You can uncomment report_memory on unix like systems to get a memory
report on each pass through the loop, and switch out fromarray vs
frombuffer to compare your function with mine

On a related note, below I'm pasting in a representative section the
code I am currently using in fromarray for MxNx3 and MxNx4 arrays --
any obvious performance gains to be had here numerix gurus?

Another suggestion for Nicholas -- perhaps you want to support MxN,
MxNx3 and MxNx4 arrays in your frombuffer function?

And a final question -- how are you getting your function into the
matplotlib image pipeline. Did you alter the image.py
AxesImage.set_data function to test whether A is a buffer object?

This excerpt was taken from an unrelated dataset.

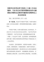 党委书记在传达学习党的二十届二中全会精神、习总书记对开展学雷锋活动作出重要指示精神及近期系列重要讲话精神会上的主持讲话现在,我们召开常委(扩大)会议。第一项议题,传达学习中国共产党第二十届中央委员会第二次全体会议精神,研究部署贯彻落实措施。由我作传达。中国共产党第二十届中央委员会第二次全体会议,于2023年2月26日至28日在北京举行。习近平总书记作了重要讲话。习近平总书记就《党和国家机构改革方案(草案)》向全会作了说明。全会同意把《党和国家机构改革方案》的部分内容按照法定程序提交十四届全国人大一次会议审议。全会指出,坚持问题导向,统筹党中央机构、全国人大机构、国务院机构、全国政协机构,统筹中...

If
so, you might want to post these changes to the codebase as well.

// some fromarray code

   //PyArrayObject *A = (PyArrayObject *) PyArray_ContiguousFromObject(x.ptr(), PyArray_DOUBLE, 2, 3);
  PyArrayObject *A = (PyArrayObject *) PyArray_FromObject(x.ptr(), PyArray_DOUBLE, 2, 3);

    int rgba = A->dimensions[2]==4;
    double r,g,b,alpha;
    int offset =0;
    
    for (size_t rownum=0; rownum<imo->rowsIn; rownum++) {
      for (size_t colnum=0; colnum<imo->colsIn; colnum++) {
  offset = rownum*A->strides[0] + colnum*A->strides[1];
  r = *(double *)(A->data + offset);
  g = *(double *)(A->data + offset + A->strides[2] );
  b = *(double *)(A->data + offset + 2*A->strides[2] );
   
  if (rgba)
    alpha = *(double *)(A->data + offset + 3*A->strides[2] );
  else
    alpha = 1.0;
  
  *buffer++ = int(255*r); // red
  *buffer++ = int(255*g); // green
  *buffer++ = int(255*b); // blue
  *buffer++ = int(255*alpha); // alpha
  
      }
    }

## ... and here is the profile script ....

import sys, os, time, gc

from matplotlib._image import fromarray, fromarray2, frombuffer
from matplotlib.numerix.mlab import rand
from matplotlib.numerix import UInt8

def report_memory(i):
    pid = os.getpid()
    a2 = os.popen('ps -p %d -o rss,sz' % pid).readlines()
    print i, ' ', a2[1],
    return int(a2[1].split()[1])

N = 1024
#X2 = rand(N,N)
#X3 = rand(N,N,3)
X4 = rand(N,N,4)

start = time.time()

b4 = (X4*255).astype(UInt8).tostring()
for i in range(50):

    im = fromarray(X4, 0)
    #im = frombuffer(b4, N, N, 0)
    #val = report_memory(i)

end = time.time()
print 'elapsed: %1.3f'%(end-start)

Thanks for the suggestions and patch. I incorporated frombuffer and
have been testing it. I've been testing the performance of frombuffer
vs fromarray, and have seen some 2-3x speedups but nothing like the
numbers you are reporting. [Also, I don't see any detectable memory
leaks so I don't think you have any worries there]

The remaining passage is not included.